Tesla, meanwhile, has had a challenging year, with its shares down 13% in 2025 due to declining sales and mounting competition from lower-priced Chinese electric vehicles. The company’s aging EV lineup has added to the pressure. But this week brought a reversal of fortune: Tesla’s stock climbed 5%, largely on the back of Friday’s announcement of a proposed new pay plan for CEO Elon Musk.
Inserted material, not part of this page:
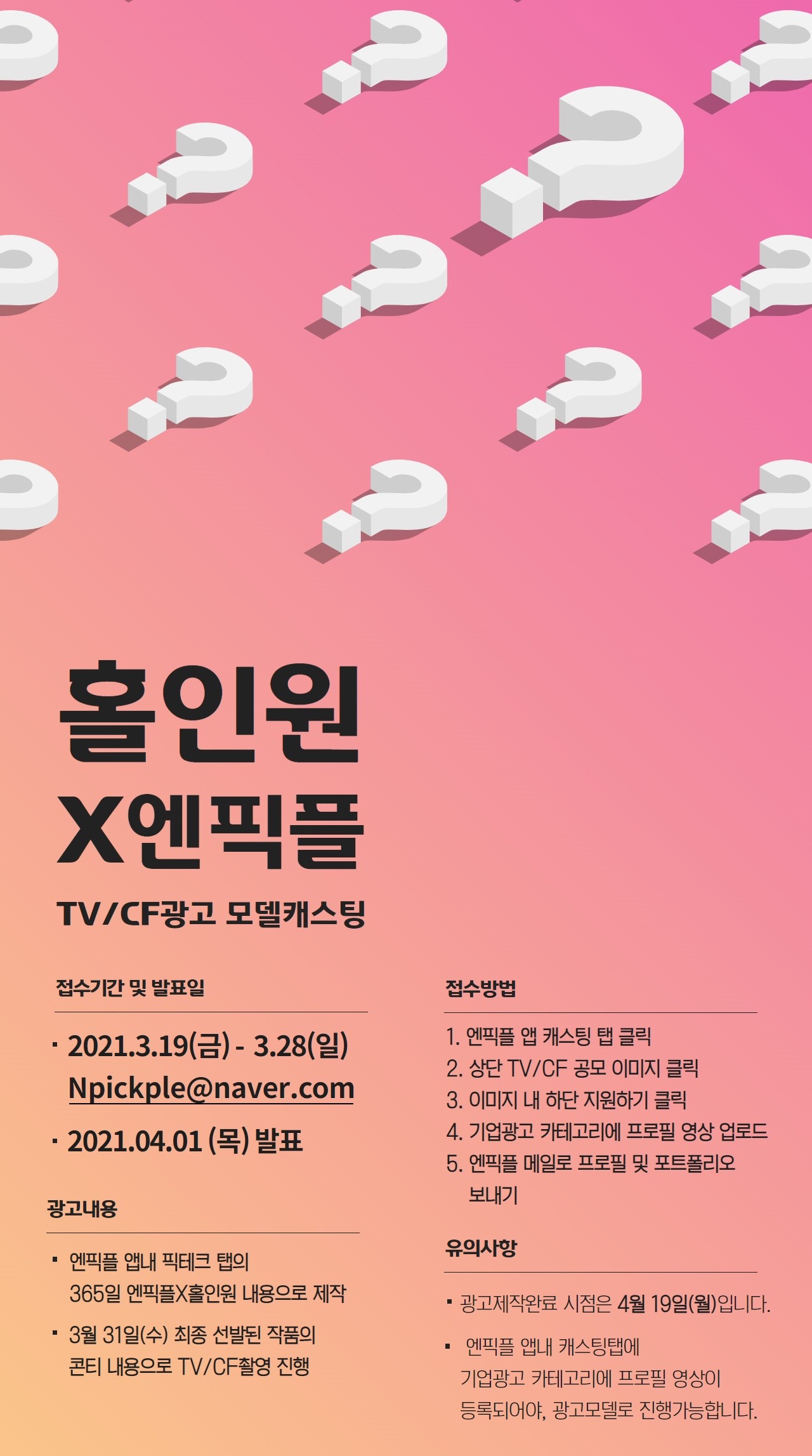 | 자유게시판 | [TV/CF광고] 엔픽플 홀인원 광고 모델 모집합니다. | 2021.03.23 |

The plan, potentially worth up to $1 trillion and split into 12 payout tranches, would only begin to pay out if Tesla nearly doubles its market capitalization to $2 trillion.

Chairwoman Robyn Denholm explained the rationale behind the plan in an interview with CNBC’s Andrew Ross Sorkin, stating it was designed to keep Musk, who remains the world’s richest person, “motivated and focused on delivering for the company.” For Tesla, the move is seen as an effort to retain its high-profile leader and incentivize long-term performance, even as the company faces stiff headwinds.

With all these developments, the eight trillion-dollar tech companies now represent an unprecedented concentration of market power. As Howard Silverblatt, senior index analyst at S&P Dow Jones Indices, put it in an email to CNBC, “there are no comparisons.” The sheer scale of these companies—and their ability to move markets on the back of courtroom decisions, regulatory fines, or blockbuster deals—underscores just how central they have become to the U.S. economy and global financial markets.

For investors and observers alike, this week served as a vivid reminder that in today’s tech-driven world, fortunes can shift in a matter of days, and the interplay between regulation, innovation, and leadership remains as dynamic—and unpredictable—as ever.